- [Assignment] Print each line below verbatim, skipping every picture.

- [Material provided]

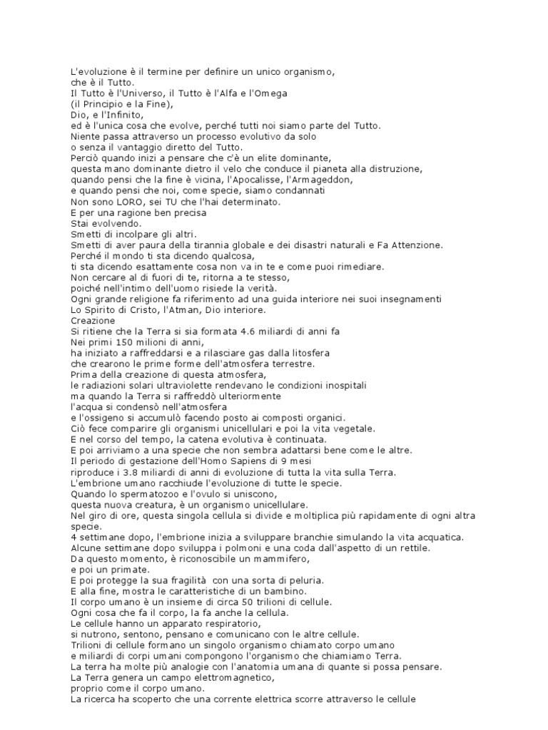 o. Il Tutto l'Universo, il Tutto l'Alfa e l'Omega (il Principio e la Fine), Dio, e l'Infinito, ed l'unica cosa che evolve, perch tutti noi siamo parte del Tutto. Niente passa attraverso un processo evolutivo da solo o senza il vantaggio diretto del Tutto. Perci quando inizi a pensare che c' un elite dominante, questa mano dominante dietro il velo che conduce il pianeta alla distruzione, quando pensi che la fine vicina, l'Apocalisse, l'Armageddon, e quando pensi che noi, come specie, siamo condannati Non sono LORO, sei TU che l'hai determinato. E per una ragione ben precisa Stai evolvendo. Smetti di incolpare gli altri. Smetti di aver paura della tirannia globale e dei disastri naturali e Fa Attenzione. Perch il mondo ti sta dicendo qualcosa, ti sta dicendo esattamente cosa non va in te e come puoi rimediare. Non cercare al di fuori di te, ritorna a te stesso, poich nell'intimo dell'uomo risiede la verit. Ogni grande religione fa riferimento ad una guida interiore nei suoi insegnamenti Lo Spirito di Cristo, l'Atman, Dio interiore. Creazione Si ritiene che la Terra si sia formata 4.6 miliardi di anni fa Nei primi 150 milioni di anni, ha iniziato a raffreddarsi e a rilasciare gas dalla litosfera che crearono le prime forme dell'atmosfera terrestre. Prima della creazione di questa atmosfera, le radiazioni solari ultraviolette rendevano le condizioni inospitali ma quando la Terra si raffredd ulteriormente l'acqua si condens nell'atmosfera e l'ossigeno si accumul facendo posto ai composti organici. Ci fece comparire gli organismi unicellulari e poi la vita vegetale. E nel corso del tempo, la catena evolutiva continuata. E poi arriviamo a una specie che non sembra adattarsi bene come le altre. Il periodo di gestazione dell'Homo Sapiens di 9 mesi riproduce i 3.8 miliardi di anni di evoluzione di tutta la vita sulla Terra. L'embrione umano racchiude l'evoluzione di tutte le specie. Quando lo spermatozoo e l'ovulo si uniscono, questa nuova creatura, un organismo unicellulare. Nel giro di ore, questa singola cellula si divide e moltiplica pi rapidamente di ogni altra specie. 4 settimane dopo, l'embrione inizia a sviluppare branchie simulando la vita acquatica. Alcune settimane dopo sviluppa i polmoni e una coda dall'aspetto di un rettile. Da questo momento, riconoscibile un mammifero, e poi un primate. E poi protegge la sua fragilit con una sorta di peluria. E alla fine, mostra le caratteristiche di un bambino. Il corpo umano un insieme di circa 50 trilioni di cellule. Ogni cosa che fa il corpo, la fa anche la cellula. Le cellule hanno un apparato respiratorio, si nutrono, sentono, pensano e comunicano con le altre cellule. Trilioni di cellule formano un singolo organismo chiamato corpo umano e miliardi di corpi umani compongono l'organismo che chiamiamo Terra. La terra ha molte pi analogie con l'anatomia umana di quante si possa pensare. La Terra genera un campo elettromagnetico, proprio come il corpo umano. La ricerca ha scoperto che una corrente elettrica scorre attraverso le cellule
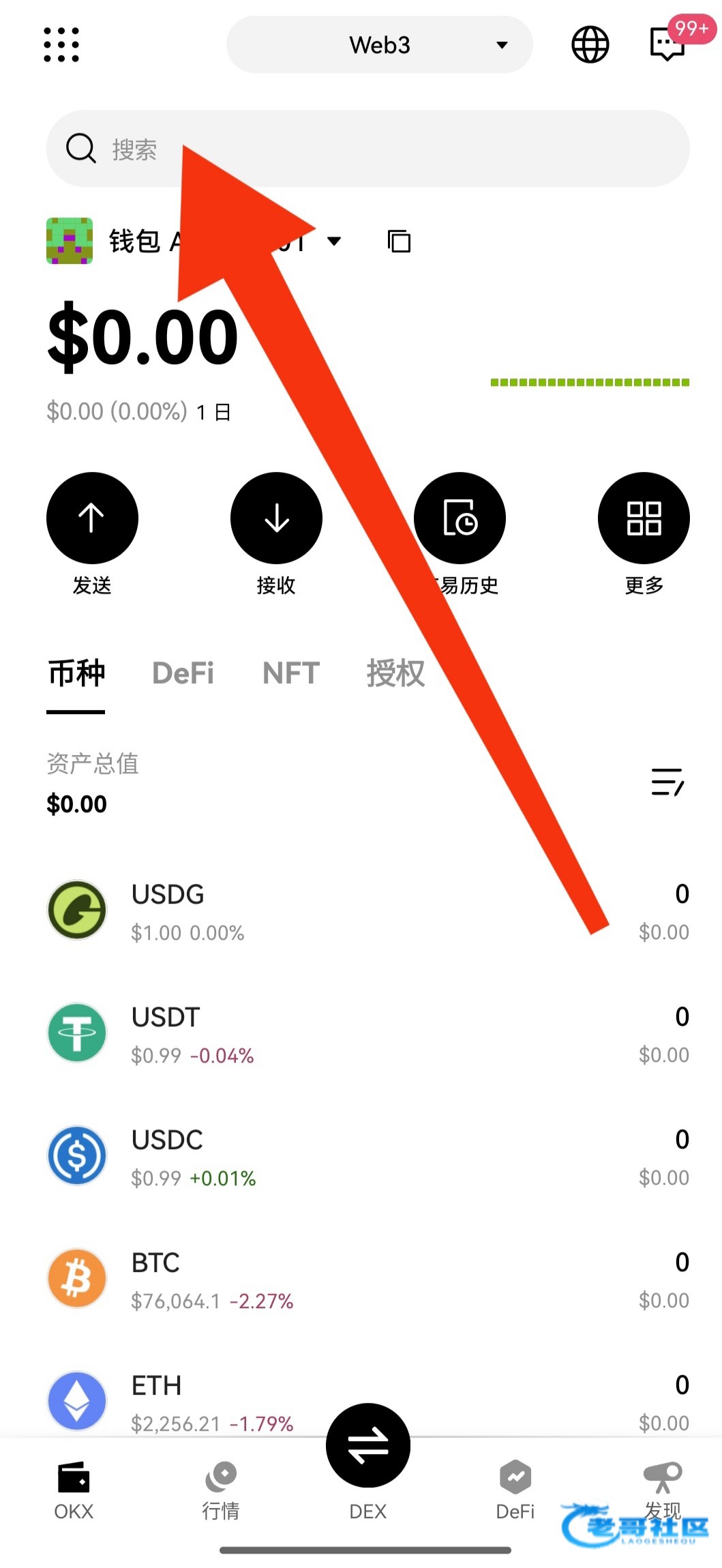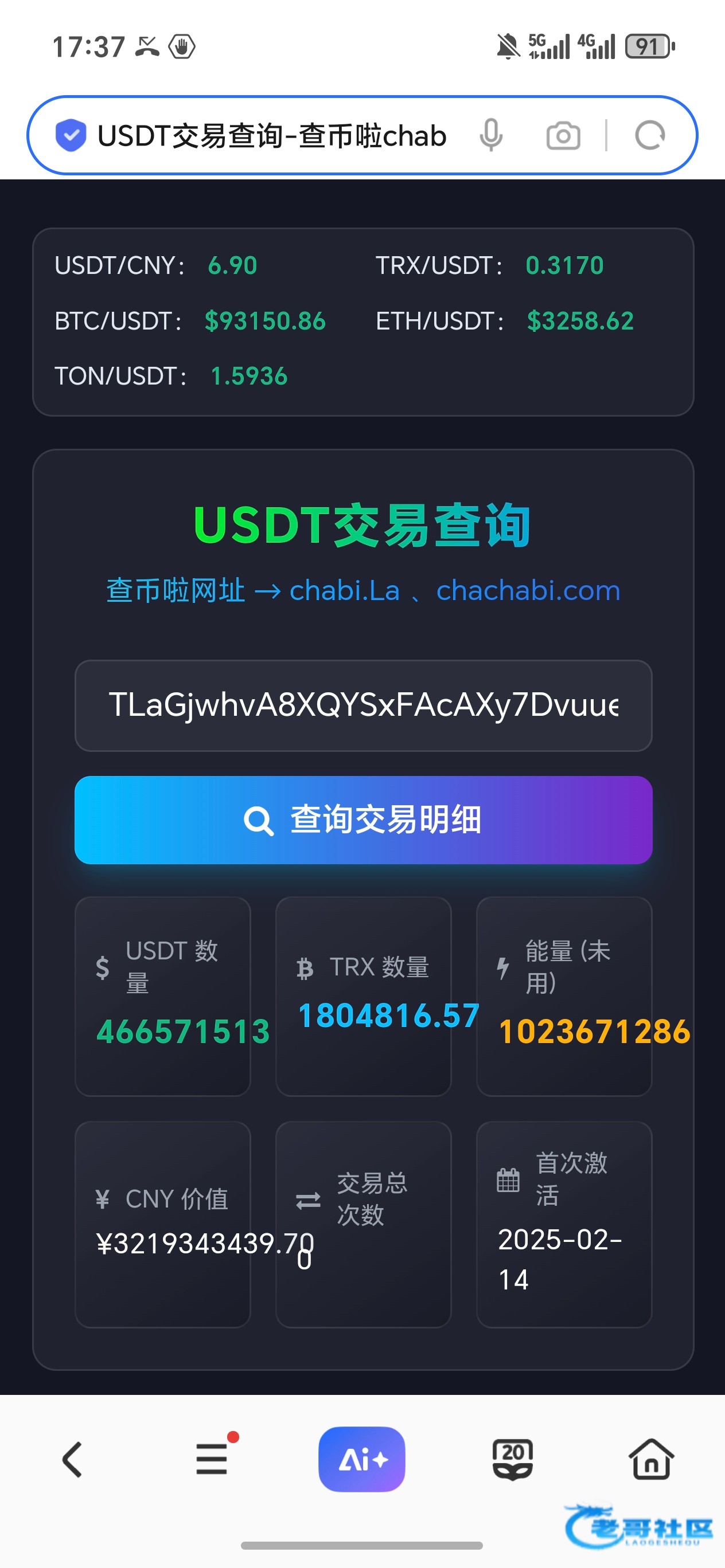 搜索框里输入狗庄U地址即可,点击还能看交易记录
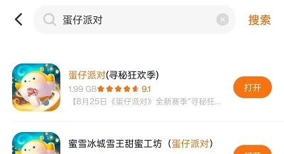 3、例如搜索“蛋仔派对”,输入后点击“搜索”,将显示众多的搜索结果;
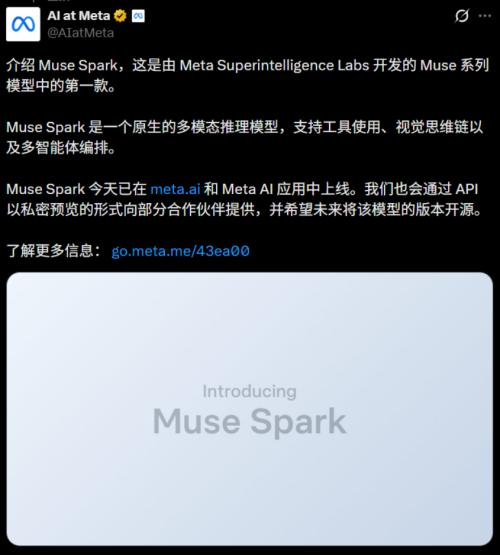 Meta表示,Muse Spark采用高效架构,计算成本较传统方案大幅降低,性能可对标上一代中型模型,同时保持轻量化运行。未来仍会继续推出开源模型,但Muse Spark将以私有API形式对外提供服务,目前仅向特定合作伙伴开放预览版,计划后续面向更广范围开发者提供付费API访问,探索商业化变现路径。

- [Solved exercise]
 o. Il Tutto l'Universo, il Tutto l'Alfa e l'Omega (il Principio e la Fine), Dio, e l'Infinito, ed l'unica cosa che evolve, perch tutti noi siamo parte del Tutto. Niente passa attraverso un processo evolutivo da solo o senza il vantaggio diretto del Tutto. Perci quando inizi a pensare che c' un elite dominante, questa mano dominante dietro il velo che conduce il pianeta alla distruzione, quando pensi che la fine vicina, l'Apocalisse, l'Armageddon, e quando pensi che noi, come specie, siamo condannati Non sono LORO, sei TU che l'hai determinato. E per una ragione ben precisa Stai evolvendo. Smetti di incolpare gli altri. Smetti di aver paura della tirannia globale e dei disastri naturali e Fa Attenzione. Perch il mondo ti sta dicendo qualcosa, ti sta dicendo esattamente cosa non va in te e come puoi rimediare. Non cercare al di fuori di te, ritorna a te stesso, poich nell'intimo dell'uomo risiede la verit. Ogni grande religione fa riferimento ad una guida interiore nei suoi insegnamenti Lo Spirito di Cristo, l'Atman, Dio interiore. Creazione Si ritiene che la Terra si sia formata 4.6 miliardi di anni fa Nei primi 150 milioni di anni, ha iniziato a raffreddarsi e a rilasciare gas dalla litosfera che crearono le prime forme dell'atmosfera terrestre. Prima della creazione di questa atmosfera, le radiazioni solari ultraviolette rendevano le condizioni inospitali ma quando la Terra si raffredd ulteriormente l'acqua si condens nell'atmosfera e l'ossigeno si accumul facendo posto ai composti organici. Ci fece comparire gli organismi unicellulari e poi la vita vegetale. E nel corso del tempo, la catena evolutiva continuata. E poi arriviamo a una specie che non sembra adattarsi bene come le altre. Il periodo di gestazione dell'Homo Sapiens di 9 mesi riproduce i 3.8 miliardi di anni di evoluzione di tutta la vita sulla Terra. L'embrione umano racchiude l'evoluzione di tutte le specie. Quando lo spermatozoo e l'ovulo si uniscono, questa nuova creatura, un organismo unicellulare. Nel giro di ore, questa singola cellula si divide e moltiplica pi rapidamente di ogni altra specie. 4 settimane dopo, l'embrione inizia a sviluppare branchie simulando la vita acquatica. Alcune settimane dopo sviluppa i polmoni e una coda dall'aspetto di un rettile. Da questo momento, riconoscibile un mammifero, e poi un primate. E poi protegge la sua fragilit con una sorta di peluria. E alla fine, mostra le caratteristiche di un bambino. Il corpo umano un insieme di circa 50 trilioni di cellule. Ogni cosa che fa il corpo, la fa anche la cellula. Le cellule hanno un apparato respiratorio, si nutrono, sentono, pensano e comunicano con le altre cellule. Trilioni di cellule formano un singolo organismo chiamato corpo umano e miliardi di corpi umani compongono l'organismo che chiamiamo Terra. La terra ha molte pi analogie con l'anatomia umana di quante si possa pensare. La Terra genera un campo elettromagnetico, proprio come il corpo umano. La ricerca ha scoperto che una corrente elettrica scorre attraverso le cellule
 搜索框里输入狗庄U地址即可,点击还能看交易记录
 3、例如搜索“蛋仔派对”,输入后点击“搜索”,将显示众多的搜索结果;
 Meta表示,Muse Spark采用高效架构,计算成本较传统方案大幅降低,性能可对标上一代中型模型,同时保持轻量化运行。未来仍会继续推出开源模型,但Muse Spark将以私有API形式对外提供服务,目前仅向特定合作伙伴开放预览版,计划后续面向更广范围开发者提供付费API访问,探索商业化变现路径。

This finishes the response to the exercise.